科学技術の発展を促した結果、環境破壊が地球規模で深刻化

 ここで一つの実例をあげましょう。私たちは市場経済に立脚した近代的な産業社会のなかで暮らしていますが、そこでは「より豊かに」「より便利に」「より快適に」という価値観が掲げられ、その実現に貢献できる活動 ── 個人や企業・国に対してより多額の経済的富をもたらすことができる、あるいはより利便性の高い財やサービスを供給できるような ── が激しい競争を通じて展開してきました。

 そしてそのことが科学技術の発展を促した結果として、「大量生産・大量消費・大量廃棄」に基づく文明がグローバルな規模で成立することになりました。この文明によって「豊かさ」「便利さ」「快適さ」が ── 南北格差その他の深刻な課題を孕みつつも ── 確かに実現したのですが、その一方で環境汚染や森林消失、種の絶滅の進行そして気候変動といった環境破壊が地球規模で深刻化していったのです。

「人間さえ良ければいいのか?」

 このような事態は当然にも、産業文明を支えていた価値観への批判を生み出しますが、それと同時に、破壊されていく自然や犠牲となる生物の姿は「人間さえ良ければいいのか?」という疑問を私たちに突き付けます。
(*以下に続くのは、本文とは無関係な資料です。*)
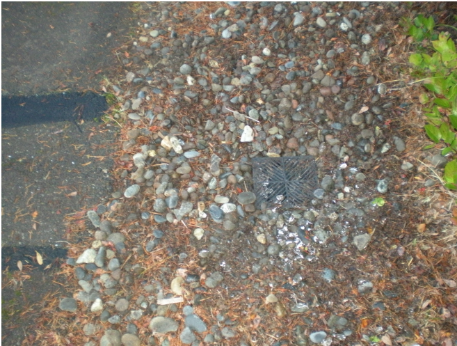
Small drain on lot 24. Has "T" from home on Lot 24. Goes to catch basin on lot 14.
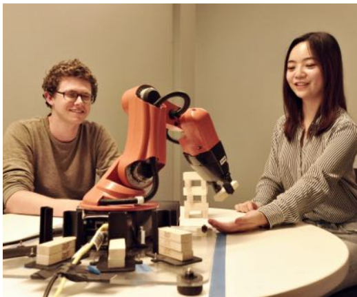
Fig 3. Tower construction task that allows the exploration of the impact of a robot's resource allocation behavior on group interaction and performance.

sembly or building tasks that are used in many other human-robot collaboration studies but extends those tasks to groups of people. In a pilot study with N=62 teams of two human participants each (124 participants overall), we found that how a robot distributes resources among team members impacts interpersonal interaction. Our work on this task has attracted increasing attention and also formed the basis for a collaboration with Noshir Contractor at Northwestern which is being funded by the Army Research Lab.
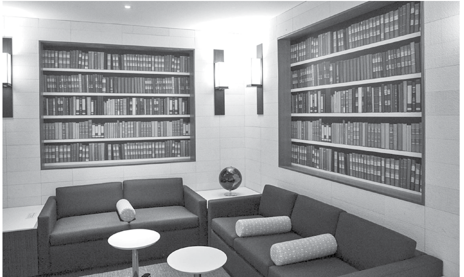
The library at LAX's Star Alliance Business Lounge.
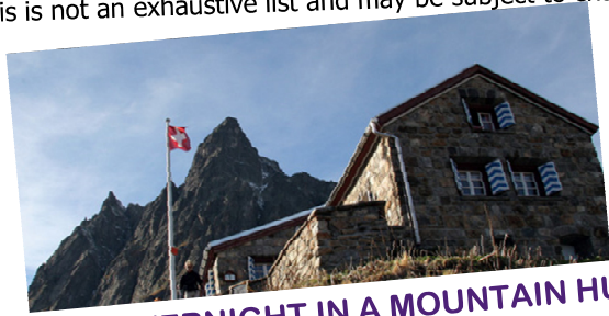
STAY OVERNIGHT IN A MOUNTAIN HUT

This is not an exhaustive list and may be subject to change. Participants will have a degree of choice over some of the activities, with the option to choose more active or gentle options.
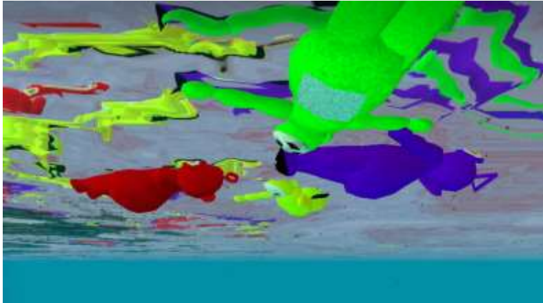
Figure 3 "Island of the Misfit Toys" (2015)

childhood narratives from the digital interface? Does our sympathetic reaction to
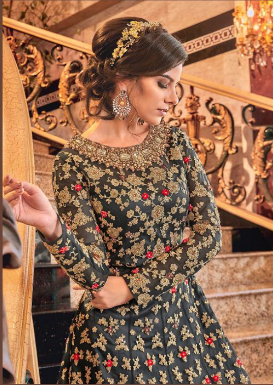
D.NO :- 6307

 こういったなかから「持続可能性」「自然との共生」といった概念が登場したのですが、そのことによって「人間の利益」の内容が豊富化されました。すなわち、私たちが子々孫々にわたって健康で幸福な生活を送っていくためには豊かな自然が不可欠であるから、目前の豊かさ・便利さを相当程度に犠牲にしてでも、開発を抑制し生態系を保全していくことが必要だとされ、従来の開発至上主義的な考え方は ── 少なくとも表向きには ── 時代遅れの反省されるべきものだと見なされるようになってきています。
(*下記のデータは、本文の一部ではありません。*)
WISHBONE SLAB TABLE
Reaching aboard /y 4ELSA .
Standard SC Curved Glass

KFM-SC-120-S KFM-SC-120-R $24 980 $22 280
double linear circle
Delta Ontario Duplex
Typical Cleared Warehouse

 残念ながらまだまだ端緒的であり、現実の環境破壊に目に見えるほどのブレーキがかかっているとはとても言い難い状況ではありますが、このような思想は市民の意識ばかりではなく、企業行動や国際関係にも影響を与え始めています。ですから、私たちはこの「交雑ザル」問題において対立する様々な見解についても、「人間の利益についての認識を豊富化する」という見地から受け止めていく必要があると思われます。